Yesterday I went clear across town to a little dark cafe near an out-of-the-way yet large train station (these are in-town trains but I can't call them subways because they're mostly aboveground; we also have subways here which are smaller and cuter and called U trains, whereas what I am talking about are S trains and they go really far). Anyway, I went clear across town and met what turned out to be 5 other women and a German shepherd and we drank tea and banged away at our laptops and took a break to talk to each other about what we're doing. That was a nice thing to do and I wrote more than 28,000 words.

Today: lethargy creeping in and I'm battling it back. 

dark and lethargic

It's feeling dark and lethargic in here, as Glenn used to say (or something like that). Husband #1 is off at a dinner I declined to attend because there had been a little too much being out. Son #1 is out with his cousin; son #2 I have just put to bed, which was a very nice time, and we read together.

Before that we did something fun, I had been looking to see whether we could see one of the movie versions of Emil und die Detektive online. (Emil und die Detektive is by Erich Kästner; it's for a slightly younger audience than Felix generally, and we read it to / with him two summers ago already, but he's reading it himself now with some reading to by us; because it's in German of course it's nice for him to have a little something easier to read, but of course then it's not as exciting so he gets a little bored.)

ANYway! Looking online, I found a hilarious 5-minute YouTube clip by some American kids taking a German class. They had watched all 3 movie versions and decided to make their own. Felix and I could barely understand it their accents were so unbelievably American! Here is the link:

http://www.youtube.com/watch?v=obiDMViMUSg

(And here's how dedicated I am to your entertainment and amusement: I typed that in by hand because for some reason whenever I've tried to paste anything into this blog it hasn't worked.)

It's getting a little less lethargic in here though no less dark. It gets dark here at 4:30 p.m. now, I kid you not. Felix has been lighting a lot of candles; perhaps I will light myself some as well now.

More posts in a minute if I can continue to keep lethargy at bay!

Friday, November 7, 2008

jog log

I went out for 92 minutes today, 14151 steps, so over my 150 steps per minute good-slow-jog pace (that would have been 13800 steps).

For the first 10 minutes or so I felt stiff and bored and yuck. At 12 minutes out I looked at my pedometer, found out it was 12 minutes, and also that I'd gone 1800 steps, so I was pleased that I was right at my 150-step pace. I felt good and in a groove from there on.

At about 30 minutes my left knee started hurting a little.  (I was wearing my new running shoes which I had worn so far for one 45-minute jog and one evening of walking around.) But within a couple of minutes the hurting went away and the groove kicked back in till the end.
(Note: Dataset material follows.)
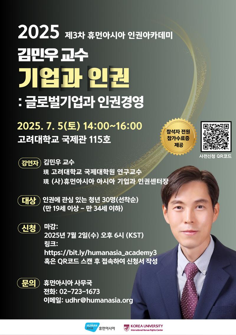 - 본 링크로 신청/접수(접수 완료 후 일주일 이내로 확인 이메일 발송 예정): https://event-us.kr/humanasia/event/104880

Also at about 30 minutes I discovered an ice skating rink, and then I discovered a red clay track next to it. So I jogged around the outside of the whole complex, around the sort of overlooking road above the track and above the rink, and then circled back again, found my way down to the track itself, and took 5 laps there, and then got back up to the road and came home!

Because I got a slow start this morning (lost in the world wide web, then lost in the trashy novel) I had revised my original plan of going 2 hours to going maybe an hour or so tops. But it was good to be in the groove, and weirdly, paradoxically, going around the track felt like a huge lift out of tedium! Who knew?! I was totally inspired by going around the track. And by the time I was done there I'd been out 58 minutes and it was about half an hour back so there was at that point no question I'd be out longer.

Thursday, November 6, 2008

What Meals Are Called

So when I was growing up I think there was breakfast, lunch, and supper. We had Sunday dinner at noontime, but the rest of the time I think our lighter meal was usually at noon. When we had company at night it was also called dinner.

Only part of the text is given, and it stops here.